I took that remark as a shout-out to the organizing and campaigns happening across the country. On a November election night awash with losses for progressives, paid sick days ballot measures sawa clean sweep. In 2014 activists also saw a string of legislative wins—in one year nearly tripling the number of locations with paid sick days laws and increasing fivefold the number of workers who will newly have access.

President Obama was also sending a signal to those considering running for President and other high office in 2016: highlight this issue.

Women, of course, are disproportionately impacted by the lack of paid sick days. And they also need men to share caregiving responsibilities—which many men want to do, and many more will do, when they stop being punished for it at work.

But President Obama is right that a paid sick days policy will strengthen the American economy. Members of Family Values @ Work, a network of coalitions in 21 states working for family-friendly policies, wrote to the President asking him to make such a call to action in his State of the Union address. They detailed the consequences when they’re docked pay or lose a job for being a good parent. A roof or car that goes unfixed. No new shoes. No dinners out. All that translates into less money going to small business and boosting the economy.

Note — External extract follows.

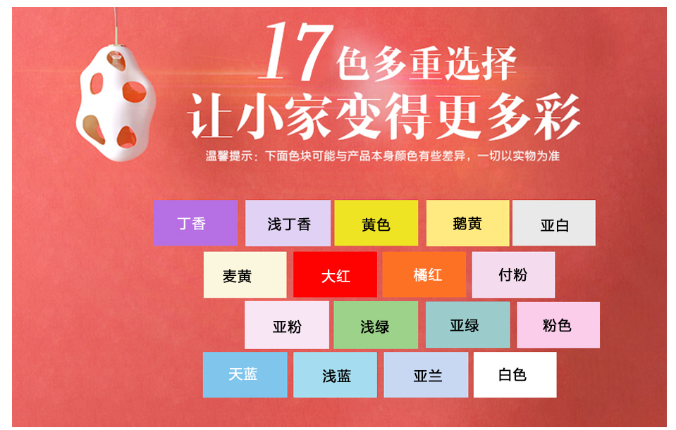 顏色:白色、黃色、耦荷、果綠、粉紅、天藍(lán)等17色多重選擇
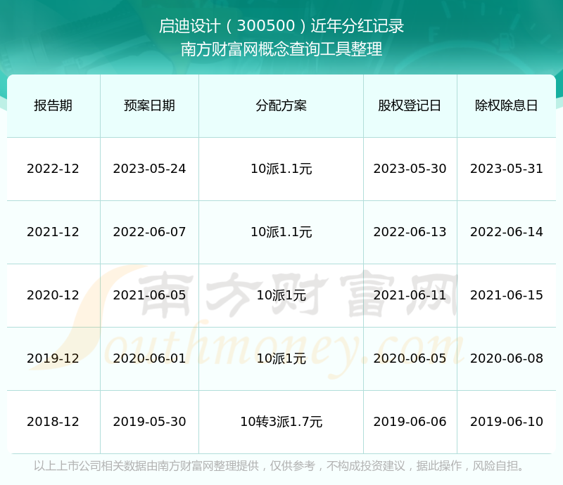 啟迪設計歷年分紅派息情況如下表所示:

We now have a glimpse of what our future looks like. As a seamstress in Portland, Oregon, where a new paid sick days law was implemented a year ago, wrote to the President, “One morning I woke in so much pain, I knew I couldn’t get up without help. I had a few minutes of panic and anxiety. Then I remembered—now we have paid sick days.”

So we decided to make a“NyQuil” ad of our own. Only this time, the child responds to her sick mother: “What am I, chopped liver? Daddy … call your boss and use a paid sick day to look after me and mommy.”

The momentum that inspired President Obama’s remarks continues. Just this week, Tacoma, WA passed a paid sick days ordinance. In the coming months, we’ll see legislators in Philadelphia, Chicago, New Jersey, Vermont, Oregon, Maryland, and elsewhere take up the issue—and many of the bills will pass.

Because with children or without, we can’t avoid our own achy, sneezing, can’t-pick-up-my-head spells. NyQuil’s not the answer. Banding together for paid sick days for all is.